→ Work request
Make an exact copy of the lines from the top of the entries below through the line with "点击该图标,即可启动 Selenium IDE,并显示如下欢迎界面。". Leave all pictures out.

→ Data supplied

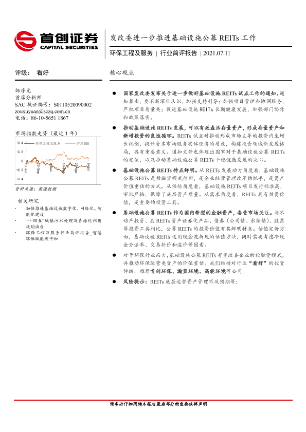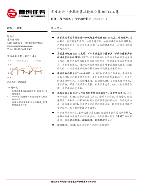 基础设施REITs 投资评级 政策分析 环保工程 金融服务
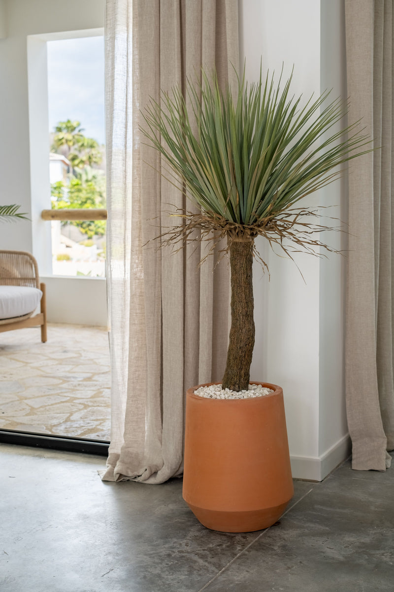 This plant came in a beautiful pot and really gave the final touch to a bedroom in one of our projects. Martina Florique really knows how to add green into a space without taking it up the whole room.
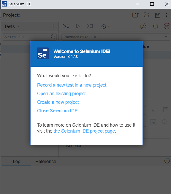 点击该图标,即可启动 Selenium IDE,并显示如下欢迎界面。
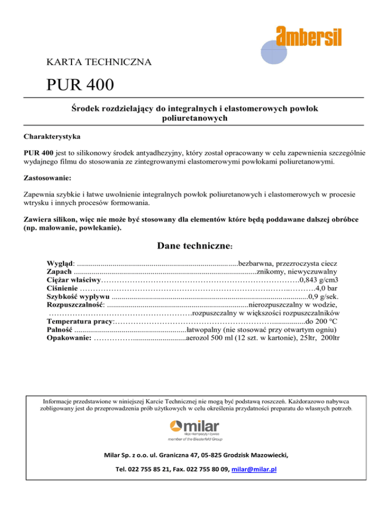 KARTA TECHNICZNA PUR 400 Środek rozdzielający do integralnych i elastomerowych powłok poliuretanowych Charakterystyka PUR 400 jest to silikonowy środek antyadhezyjny, który został opracowany w celu zapewnienia szczególnie wydajnego filmu do stosowania ze zintegrowanymi elastomerowymi powłokami poliuretanowymi. Zastosowanie: Zapewnia szybkie i łatwe uwolnienie integralnych powłok poliuretanowych i elastomerowych w procesie wtrysku i innych procesów formowania. Zawiera silikon, więc nie może być stosowany dla elementów które będą poddawane dalszej obróbce (np. malowanie, powlekanie). Dane techniczne: Wygląd: ..................................................................................bezbarwna, przezroczysta ciecz Zapach .............................................................................................znikomy, niewyczuwalny Ciężar właściwy………………………………………………………………….0,843 g/cm3 Ciśnienie ……………………………………………………………….……..……….4,0 bar Szybkość wypływu ....................................................................................................0,9 g/sek. Rozpuszczalność: ........................................................................nierozpuszczalny w wodzie, ……………………………………………….rozpuszczalny w większości rozpuszczalników Temperatura pracy:…………………………………………………….................do 200 °C Palność .........................................................łatwopalny (nie stosować przy otwartym ogniu) Opakowanie: ……………...........................aerozol 500 ml (12 szt. w kartonie), 25ltr, 200ltr Informacje przedstawione w niniejszej Karcie Technicznej nie mogą być podstawą roszczeń. Każdorazowo nabywca zobligowany jest do przeprowadzenia prób użytkowych w celu określenia przydatności preparatu do własnych potrzeb. Milar Sp. z o.o. ul. Graniczna 47, 05-825 Grodzisk Mazowiecki, Tel. 022 755 85 21, Fax. 022 755 80 09, [email protected] Sposób użycia: Nanosić cienką warstwę ciągłym strumieniem z odległości ok. 25 do 30 cm. Powtarzać proces w miarę potrzeby Dodatkowe informacje - Powierzchnia wykończona na wysoki połysk - Słaby zapach rozpuszczalnika - Szybkie odparowanie rozpuszczalników nośnych - nadaje się do formowania niskotemperaturowego - Nie pozostawia smug na powierzchni formowanego elementu - Nanoszenie poprzez natrysk - Nie nawarstwia się w formie Przeznaczenie: - Poliuretany integralne - Polimery elastomerowe Przechowywanie: Produkt może być przechowywany w temperaturze otoczenia i posiada okres przechowywania nie mniejszy niż 36 miesięcy, przy poprawnym, magazynowaniu. Aerozole powinny zawsze być przechowywać w temperaturze poniżej 50 ° C, z dala od źródeł ciepła i otwartego ognia. Bezpieczeństwo: Karta charakterystyki produktu dostępna osobno. Informacje przedstawione w niniejszej Karcie Technicznej nie mogą być podstawą roszczeń. Każdorazowo nabywca zobligowany jest do przeprowadzenia prób użytkowych w celu określenia przydatności preparatu do własnych potrzeb. Milar Sp. z o.o. ul. Graniczna 47, 05-825 Grodzisk Mazowiecki, Tel. 022 755 85 21, Fax. 022 755 80 09, [email protected]
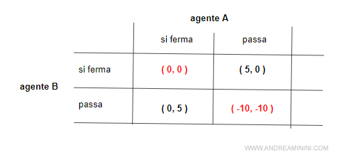 Esempio. Se i due agenti non concorrono a raggiungere per primi lo stesso obiettivo, uno dei due potrebbe razionalmente fermarsi per far passare l'altro e ridurre il rischio di incidente.
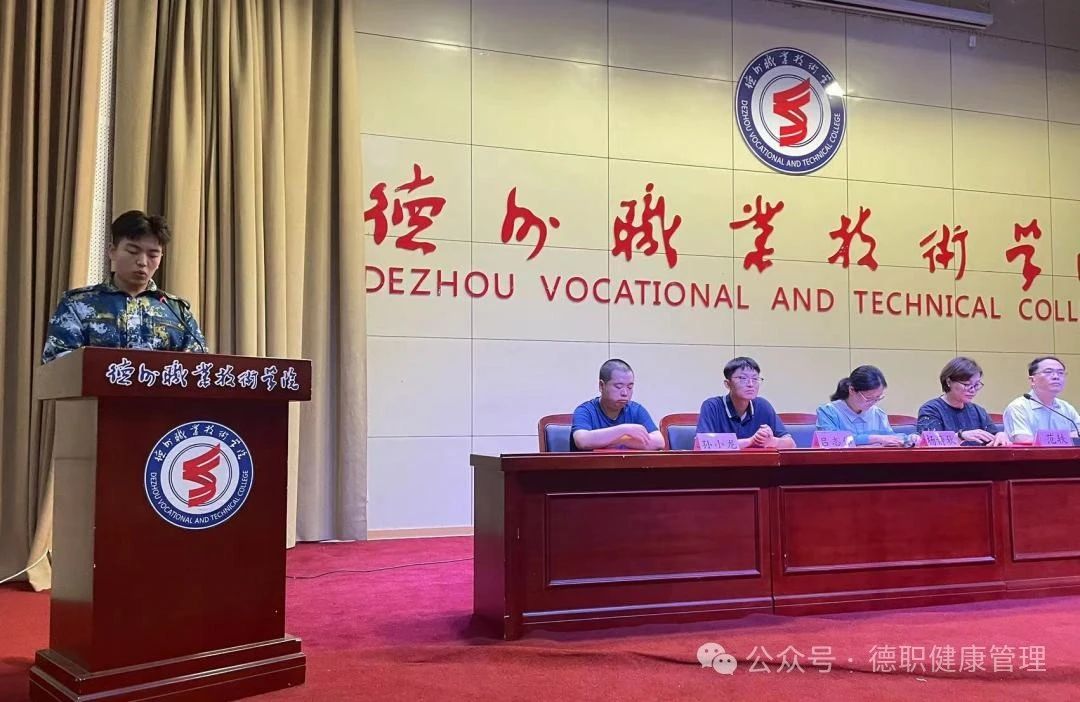 大会在庄严的国歌声中拉开序幕,首先由2023级辅导员助理代表刘明洋同学发言,他号召全体新生友好相处、确定目标、规范自己、锻炼自身,未来三年在德职书写最难忘的篇章。
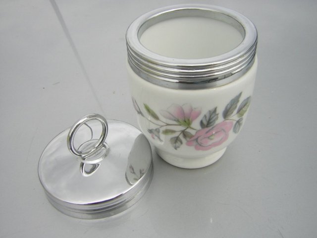 Szlachetny, praktyczny i wyjątkowy pojemnik do przygotowywania, gotowania i podawania jajek w stylu angielskim, sygnowany jakością Royal Worcester - solidna gruba porcelana, na błyszcząco szkliwiona. Chromowa przykrywka na gwint nakręcana, ze specjalnie przygotowaną dziurką uchwytową do wyjmowania z wrzątku. Stylowe różane zdobienie w eleganckich stonowanych barwach,
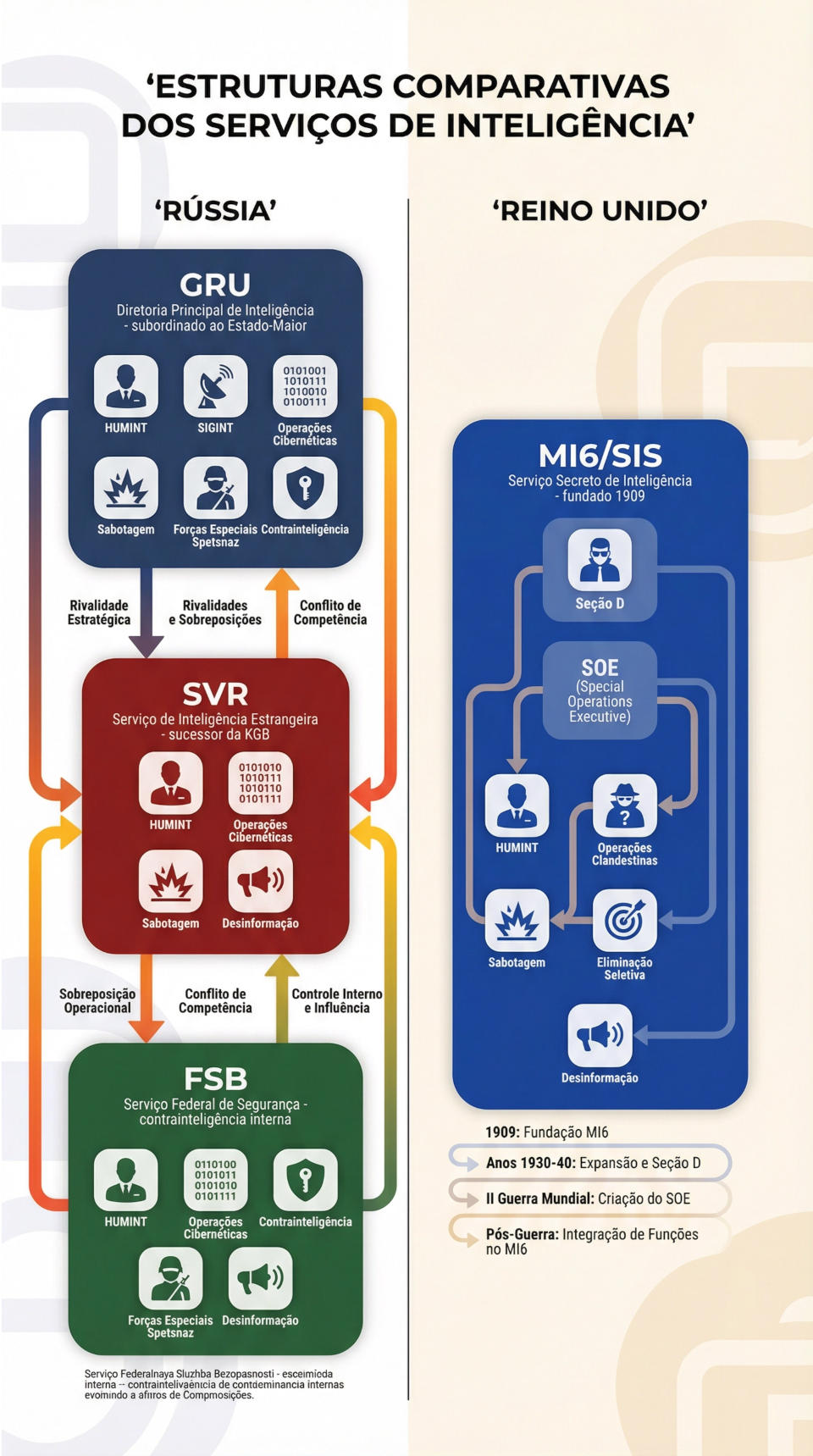 Este breve artigo apresenta um resumo histórico e operacional dos principais serviços de inteligência da Federação Russa (GRU, SVR e FSB) e do Reino Unido (MI6), com foco em suas origens, evolução e modus operandi em operações de sabotagem e ações clandestinas no exterior, com objetivo de entender onde o governo russo tem errado em matéria de comunicação estratégica e nos protocolos de contrainteligência e contrasabotagem.
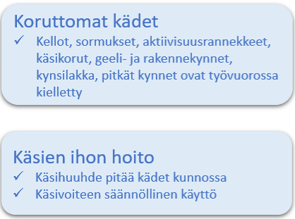 Hyvä käsihygienia on infektioiden ja tartunnan torjunnan perusta. Se on oleellinen osa potilas- ja työturvallisuutta. Hyvän käsihygienian toteuttaminen kuuluu jokaiselle terveydenhuollon ammattilaiselle.
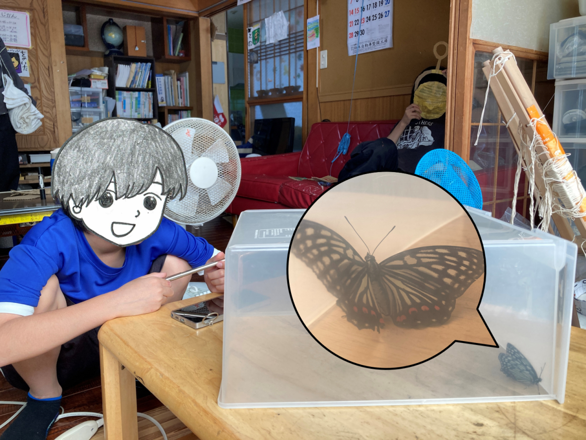 みんなで捕まえ調べてみると、『アカボシゴマダラ』という蝶でした。
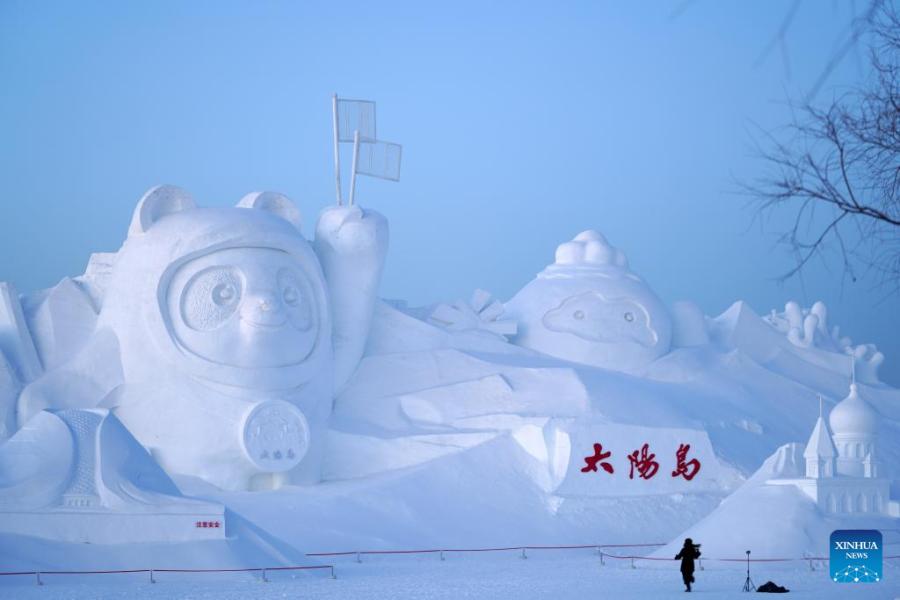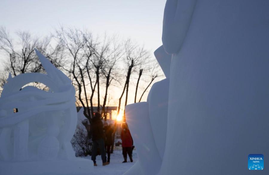 Tourists visit the Sun Island International Snow Sculpture Art Exposition in Harbin, northeast China's Heilongjiang Province, Jan. 14, 2022. (Xinhua/Zhang Tao)
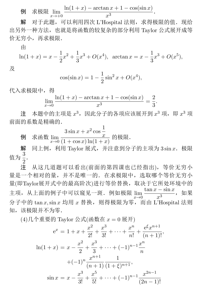 注 最后一个式子比较重要,常常用来求其他函数的Taylor展开式.
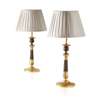 PAIR OF RESTAURATION PATINATED AND GILT METAL CANDLESTICKS
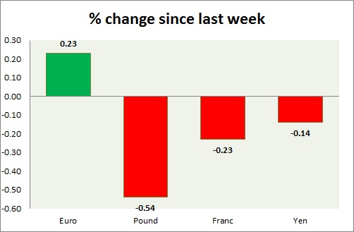 Strength meter (since last week) – Euro +0.13%, Franc +1.45%, Yen +0.36%, GBP +1.05%
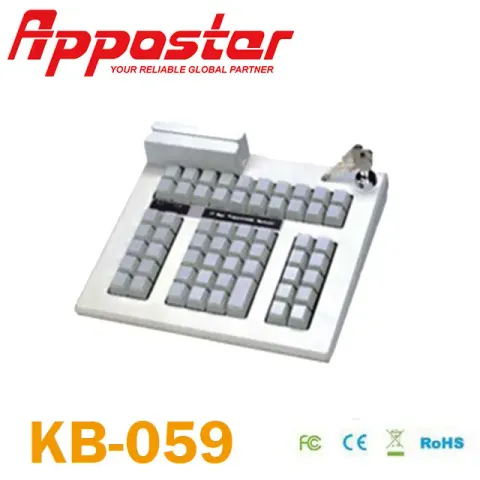 The Appostar Programmable Keyboard represents excellence in POS system integration, meticulously engineered to meet both ISO and JIS standards. This versatile keyboard offers comprehensive connectivity options through KN wedge, USB, and RS-232 interfaces, ensuring seamless compatibility across diverse system environments. Distinguished by its advanced programming capabilities, users can customize critical functions including carriage returns and sentinels. The keyboard's thoughtful design incorporates three distinct cable outlet options, providing optimal installation flexibility. This professional-grade input device delivers reliable performance while maintaining strict compliance with international quality standards, making it an ideal choice for demanding commercial applications.
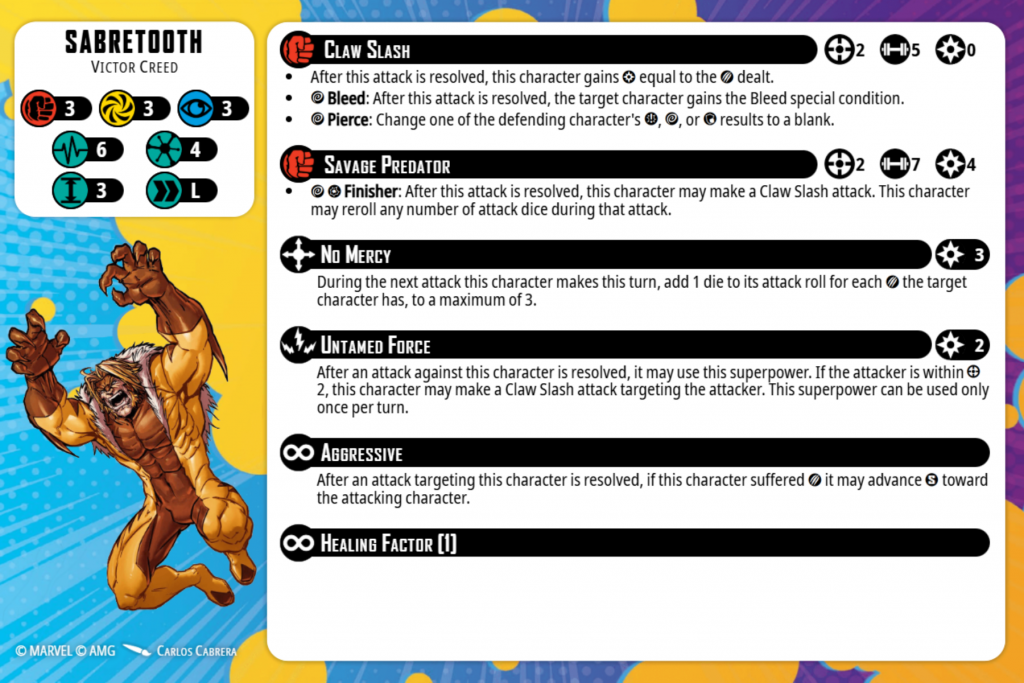 Healing Factor [2] is a big deal, especially with him having 7 health on his healthy side. If your opponent fails to finish him off, he will likely be able to hit them back harder and heal up some of the damage.
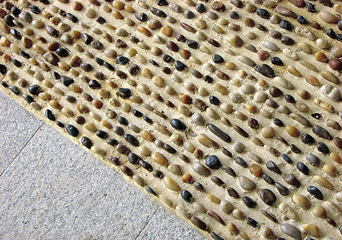 Pebbles for foot reflexology, a design detail inspired by similar features in public parks in Hong Kong.
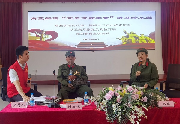 ——南區(qū)街道黨史教育百姓宣講暨“紅色印記”南區(qū)黨群故事分享活動(dòng)到馬嶺小學(xué)發(fā)布時(shí)間:2021-04-07 12:59 信息來源:本網(wǎng)站 瀏覽次數(shù):0

→ Problem solution
 基础设施REITs 投资评级 政策分析 环保工程 金融服务
 This plant came in a beautiful pot and really gave the final touch to a bedroom in one of our projects. Martina Florique really knows how to add green into a space without taking it up the whole room.
 点击该图标,即可启动 Selenium IDE,并显示如下欢迎界面。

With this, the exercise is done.